TuneConfig¶

Hydro args:¶

scaling_num: The number of model width scaling. Hydro supports switch different tuning modes Hydro (Scaling+Fusion) | Hydro (Fusion Only) | Ray (Classic HPO) via setting this value. Specifically,

0 = Using Ray Tune (disable both scaling and fusion),

1 = Using Hydro (fusion only, disable scaling),

Any integer > 1 (preferably powers of 2) enables both scaling and fusion.

Default value is 8.
fusion_limit: User defined maximum model fusion number. Only work when scaling_num > 0.

0 = Disabling fusion (scaling only).

1 = Similar with disabling fusion, but will still replace original model with Hydro modules.

If set to None, Hydro will automatically profile and determine the actual fusion number according to GPU memory capacity.

If set to a positive integer, Hydro will use this value as the fusion limit.

If set to a dict, Hydro will use this dict as the fusion for different batch size.

Default is None.

If you want to tune batch_size hyperparameter

Please do name it as batch_size, other names (like bs, bsz, etc.) will not be recognized by Hydro.

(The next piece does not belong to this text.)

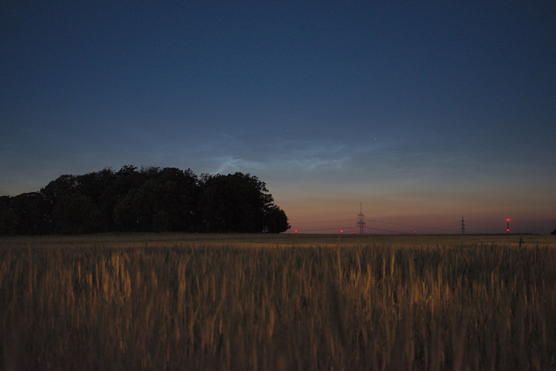 wir haben uns am Abend des 18.06.21 kurz nach 22 Uhr zu einem bereits bewährten Beobachtungspunkt beim nahe gelegenen Oberurseler Stadtteil Oberstedten begeben. Zu diesem Zeitpunkt hatte sich über dem Pfälzer Wald ein ausgedehnter Gewitterkomplex entwickelt, welcher sich via Oberrheinebene auf den Weg in den Frankfurter Raum begab. Unser Zeitfenster zur Beobachtung würde also beschränkt sein. Tatsächlich wurde bereits nach kurzer Zeit ein mächtiger Zirrenschirm sichtbar, welcher sich von Südwesten heranschob. Gegen 22:40 waren Richtung WNW neben dem Zirrenbereich vage Strukturen mehr erahnbar als sichtbar, welche wir als NLCs einstuften, was sich später an Hand eines Fotos bestätigte (Abb. 1).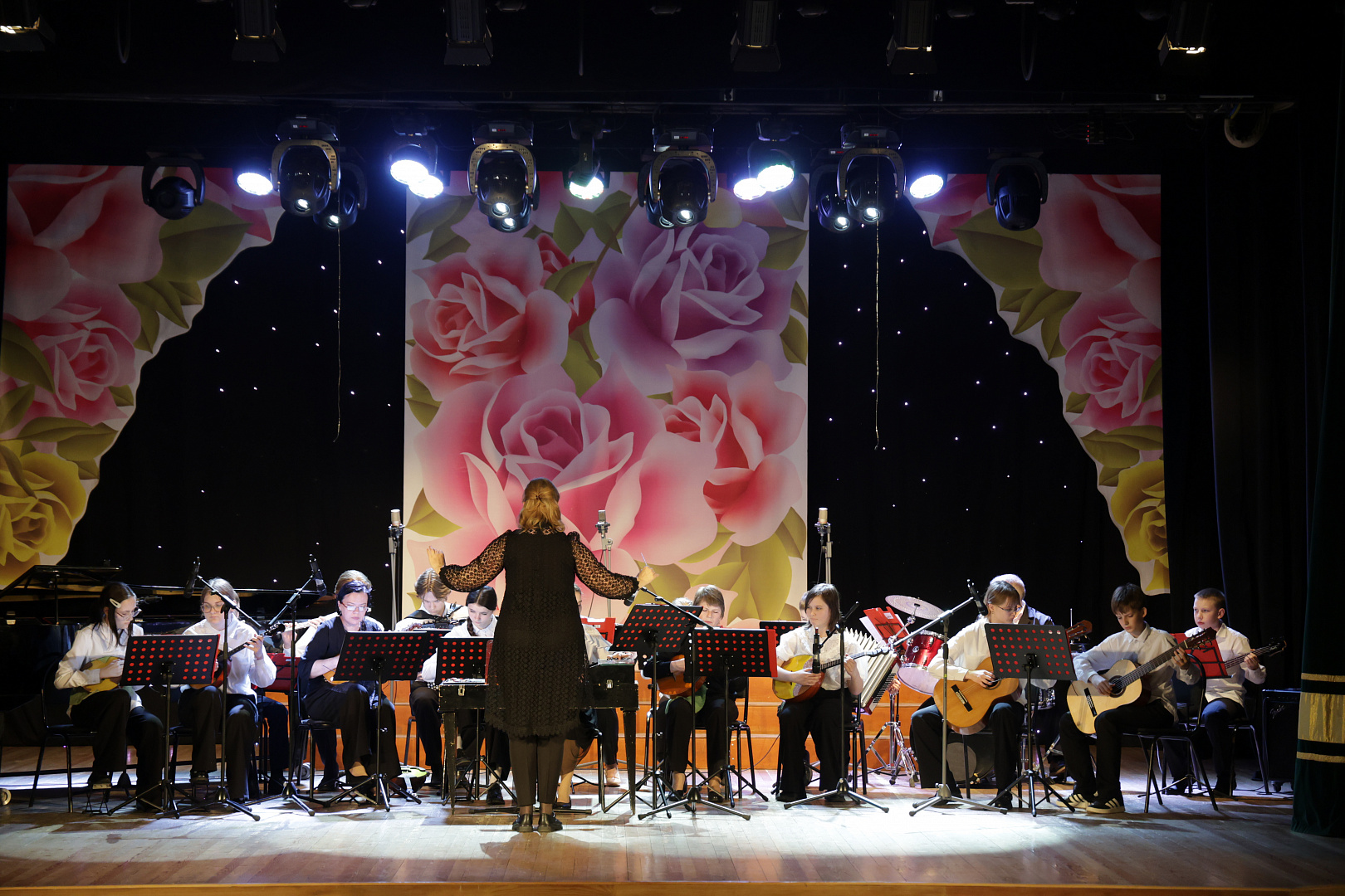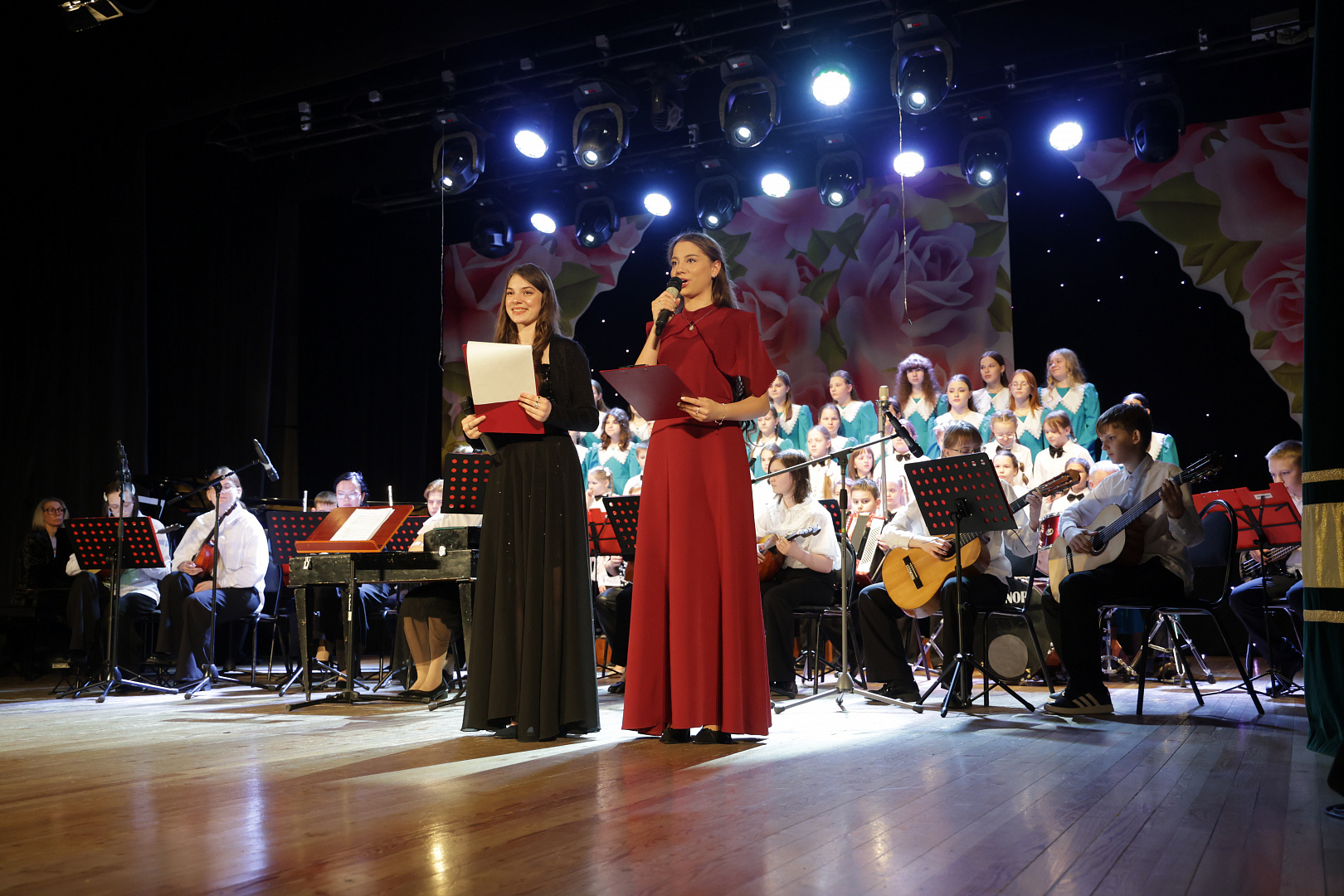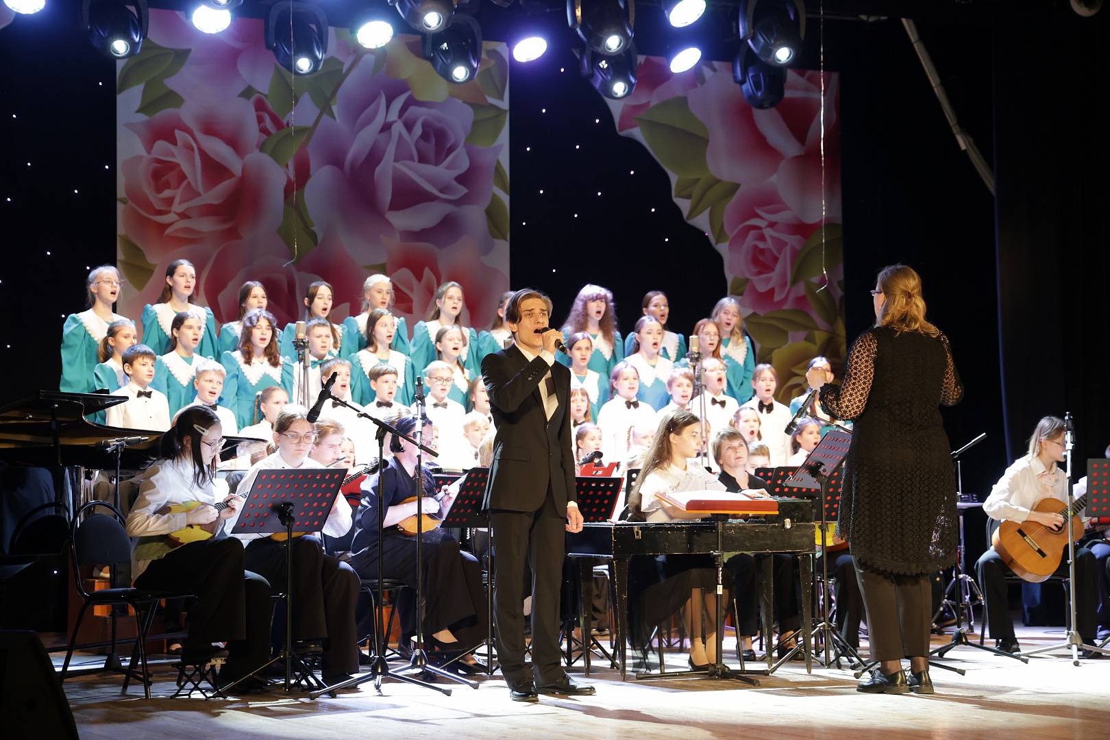 В программе Юбилейного концерта приняли участие: хоры «Мозаика» (младшие классы) и «Скерцо» (старшие классы), солисты и ансамбли пианистов, аккордеонистов, гитаристов, скрипачей и учащиеся отделения ударных инструментов.

eager_transfer: The ratio of maximum trials (num_samples) to start a target model trial. Must in (0, 1].

1 = Disabling eager transfer.

Default value is 0.5.
trial_compile: Whether to enable torch.compile() to further accelerate model training throughput. If enabled, Hydro does not support model checkpointing and multi-fidelity tuning algorithms. Default is False.

Source Code:¶

@dataclass
class TuneConfig:
    """Tune specific configs.

    Args:
        ======================================================================
        Hydro args:
        scaling_num: The number of model width scaling. Hydro supports switch
            different tuning modes ``Hydro (Scaling+Fusion) | Hydro (Fusion Only)
            | Ray (Classic HPO)`` via setting this value. Specifically,
            0 = Using Ray Tune (disable both scaling and fusion),
            1 = Using Hydro (fusion only, disable scaling),
            Any integer > 1 (preferably powers of 2) enables both scaling and fusion
            Default value is 8.
        fusion_limit: User defined maximum model fusion number. Only work when
            `scaling_num` > 0. Default is None.
            0 = Disabling fusion (scaling only).
            1 = Similar with disabling fusion, but will still replace original model
            with Hydro modules.
            If set to None, Hydro will automatically profile and determine the actual
            fusion number according to GPU memory capacity.
            If set to a positive integer, Hydro will use this value as the fusion limit.
            If set to a dict, Hydro will use this dict as the fusion for different batch size.
        eager_transfer: The ratio of maximum trials (`num_samples`) to start a
            target model trial. Must in (0, 1].
            1 = Disabling eager transfer. Default value is 0.5.
        trial_compile: Whether to enable torch.compile() to further accelerate model
            training throughput. If enabled, Hydro does not support model checkpointing
            and multi-fidelity tuning algorithms. Default is False.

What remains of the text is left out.